Sure. Good morning Dewey. Yeah, I think that it is kind of a moderate season as the year goes on. So I think that obviously as the 2018, generic launch cadence kicks in that comes in over the course of the year. I think the launch cadence there really starts to kick in around say the back half in the second quarter and then flow out from there. So you would expect some acceleration to the quarters as the year goes on. And so I would say it's a moderate build of the base that we entered 2018 on.

Alright, great. And I guess the second year, your support of Rob and I tend to agree with that too. But has Rob seen or have you see a substantial revaluation of assets both in the generics and brands base, I know valuations begun pretty pricey and some private sellers are still appear unwilling to sell it reasonable valuation?

So, yes and no. I mean you obviously know in the macro environment for public companies multiples are different than they were in 2015 that's for sure, lower. And I think it really is dependent upon the specific situation. So that's a tough question to answer because again it really depends on the transaction. And I mean yes, we have certainly seeing - there is three ways to answer this. Number one, they don't seem to be a largest - a large amount of strategic buyers in the United States. My perspective is that many companies are somewhat tapped out associated with capital positions and their balance sheets. And I think many company's focus has turned to reducing debt on your balance sheets in our space. So that precludes some of those folks from larger transactions. We've seen the FTC approach to somebody's transactions and we still don't know how that entirely plays out. So it really depends on, I think it really depends on that transaction, the company you're dealing with see, is it a distressed transaction, is it one from a position of strength. But I wouldn't put any overall color on what's happening out there yet. I mean again our focus is specific to us the assets we're going after. And I think as we have a combination of assets that we've brought that fit into our product launch pipeline and cadence for future periods of launches and at the same time, we always are looking at instantaneously accretive asset transactions that makes sense for us obviously some time to manufacturing our lower cost et cetera. And I think that you should just expect that from us going forward that's how we're going to approach - that's how we're going to approach the opportunities in the marketplace.

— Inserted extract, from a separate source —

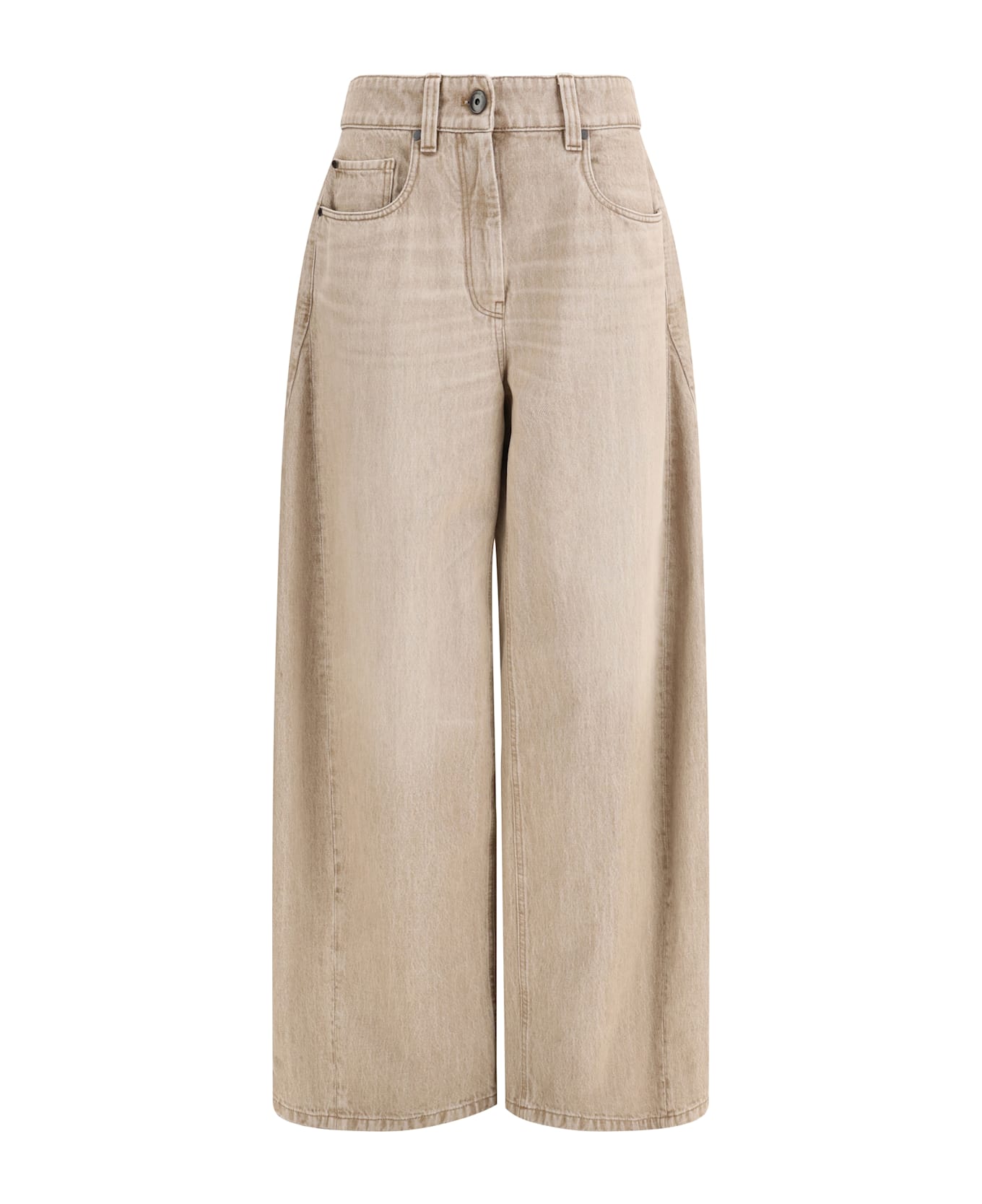 The barrel-leg jeans by brunello cucinelli reinterpret classic denim through the brand s refined, understated aesthetic. crafted with a sculptural barrel silhouette, they feature a traditional five-pocket construction, belt loops, and contrast stitching that enhances the clean lines of the design. a front button fastening completes this elevated everyday essential, blending casual attitude with meticulous craftsmanship.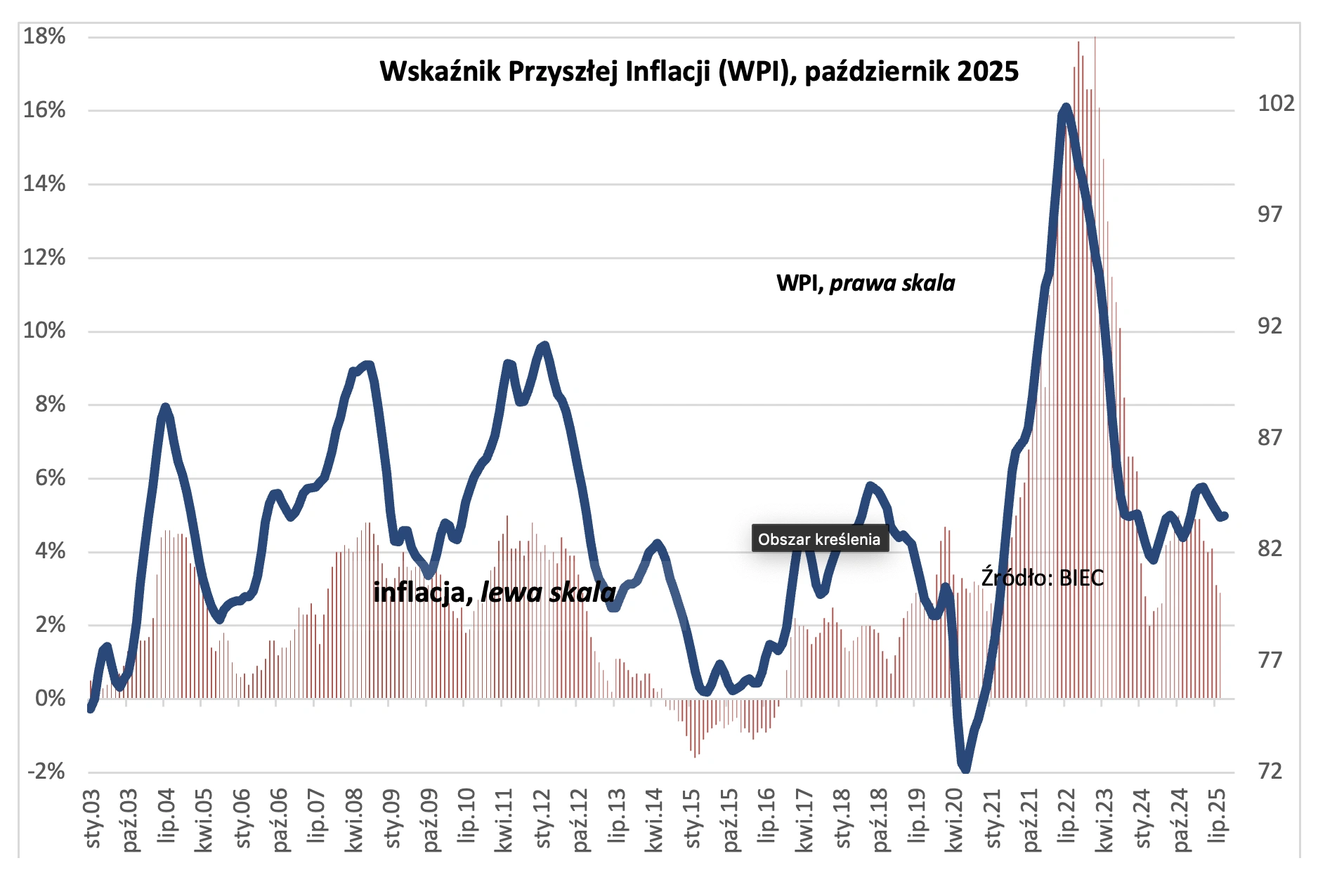 Utrzymanie cen w ryzach potwierdza również najnowszy Wskaźnik Przyszłej Inflacji (WPI) opracowany przez BIEC, który w październiku, podobnie jak miesiąc wcześniej, pozostał na poziomie -83,5 punktu, sygnalizując stabilizację presji cenowej.

All right. Great. And my final question just on further on business development. Obviously you guys have benefited from acquiring sets of assets that you can plug it eventually into by debt. Are there opportunities out there that may be outside of your normal do such forms that could be plugged in about that that are interesting at this point?

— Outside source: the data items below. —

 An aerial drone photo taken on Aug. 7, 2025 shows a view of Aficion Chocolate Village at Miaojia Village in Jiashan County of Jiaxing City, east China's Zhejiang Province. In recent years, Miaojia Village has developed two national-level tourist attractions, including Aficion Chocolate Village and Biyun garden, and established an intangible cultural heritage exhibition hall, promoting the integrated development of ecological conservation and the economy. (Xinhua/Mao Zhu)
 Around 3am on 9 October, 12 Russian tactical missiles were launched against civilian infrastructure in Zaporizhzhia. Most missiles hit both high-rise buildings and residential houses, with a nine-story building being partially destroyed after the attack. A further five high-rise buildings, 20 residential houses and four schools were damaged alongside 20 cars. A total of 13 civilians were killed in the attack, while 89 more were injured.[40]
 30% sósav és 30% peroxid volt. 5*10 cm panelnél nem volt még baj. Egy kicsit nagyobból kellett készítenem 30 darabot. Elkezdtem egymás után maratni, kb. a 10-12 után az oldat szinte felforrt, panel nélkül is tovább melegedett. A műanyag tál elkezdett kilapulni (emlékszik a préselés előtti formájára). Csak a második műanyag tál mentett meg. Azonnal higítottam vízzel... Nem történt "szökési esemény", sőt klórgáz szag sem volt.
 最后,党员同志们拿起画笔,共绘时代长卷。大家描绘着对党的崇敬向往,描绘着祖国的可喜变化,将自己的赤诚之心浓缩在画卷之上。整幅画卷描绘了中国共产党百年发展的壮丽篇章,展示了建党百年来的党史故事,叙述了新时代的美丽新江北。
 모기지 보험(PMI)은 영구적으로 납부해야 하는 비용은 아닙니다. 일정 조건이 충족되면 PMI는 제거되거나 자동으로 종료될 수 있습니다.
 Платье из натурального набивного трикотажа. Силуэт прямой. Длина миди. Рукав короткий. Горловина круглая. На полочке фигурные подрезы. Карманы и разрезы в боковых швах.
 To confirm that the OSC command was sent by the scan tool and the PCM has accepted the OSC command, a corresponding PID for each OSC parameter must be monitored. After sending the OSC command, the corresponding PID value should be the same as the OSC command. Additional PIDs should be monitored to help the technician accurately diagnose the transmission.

Outside of our normal dosage forum that could be plugged into debt, we wouldn't be able to…

I know, I mean that can't be plugged in by debt.

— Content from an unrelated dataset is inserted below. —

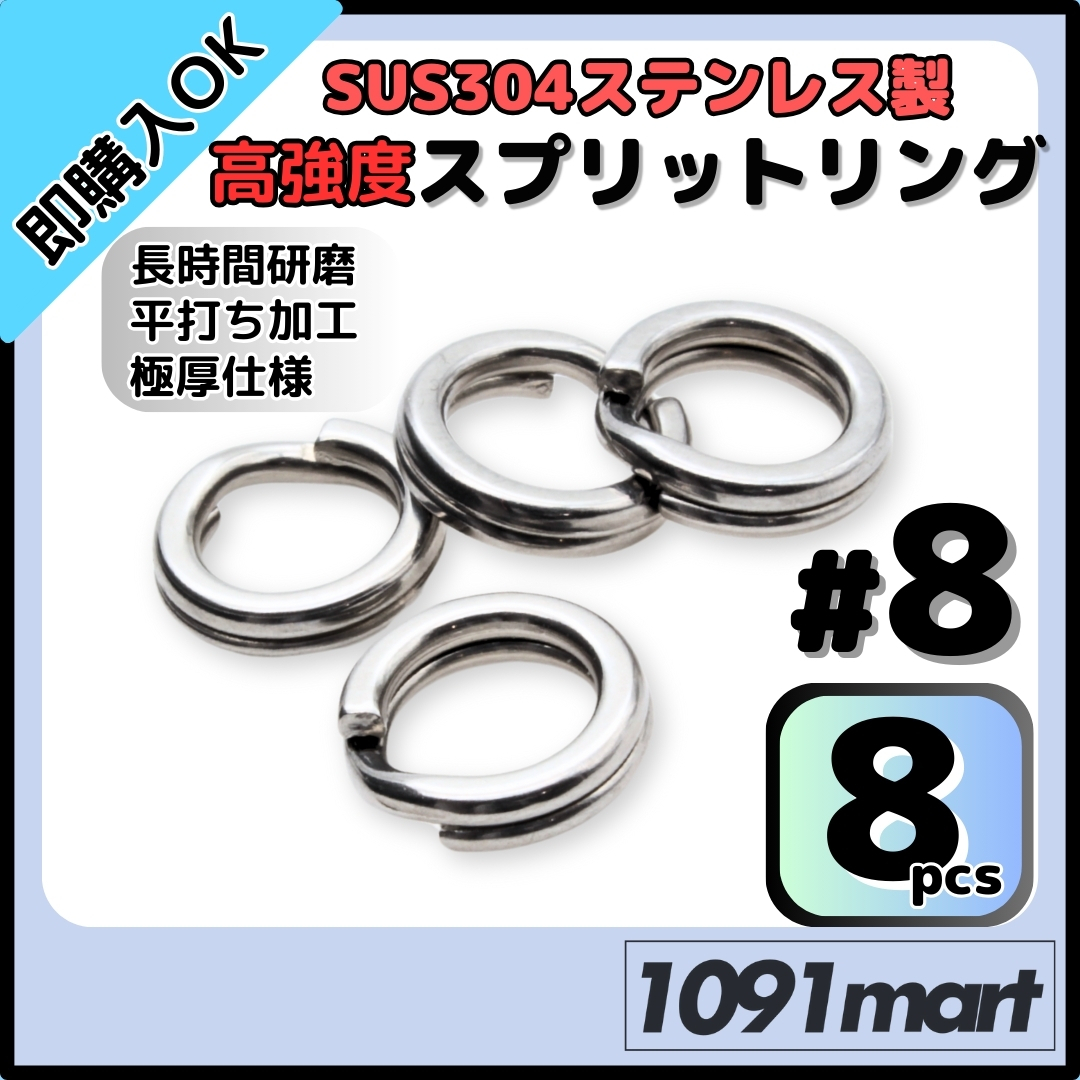 - SUS304 ステンレス製 強力 平打ち スプリットリング #8 8個セット ソルト対応品 長時間研磨【ミニレター】

Can't be plugged in. Yes, so well, our largest one is an obvious one and that's Cortrophin gel which is obviously an injectable product. So if you're asking me, if the company in vision is moving into different platforms like injectable drugs or thermic drugs, drugs that require aseptic sterile manufacturing, we're always looking at those opportunities. We have always felt that we can successfully market any AA or AB rated generic drug and whether it's in the institution marketplace that's my background in injectable in hospitals or certainly with the consortiums and the consolidation of scripts in all solid markets. So we would not be - we will not shy away from an acquisition or merger if it made sense that would increase our portfolio without any overlap. And that would include injectable, so we will what the future brings us.

All right. Thanks so much.

You're welcome, Dewey. I'd like to just thank everybody for attending our year-end earnings conference call today. I wish you a nice afternoon and signing off. Thank you very much everybody. Bye-bye.

Thank you. This concludes ANI's fourth quarter 2017 earnings call. You may now disconnect your lines and have a wonderful day.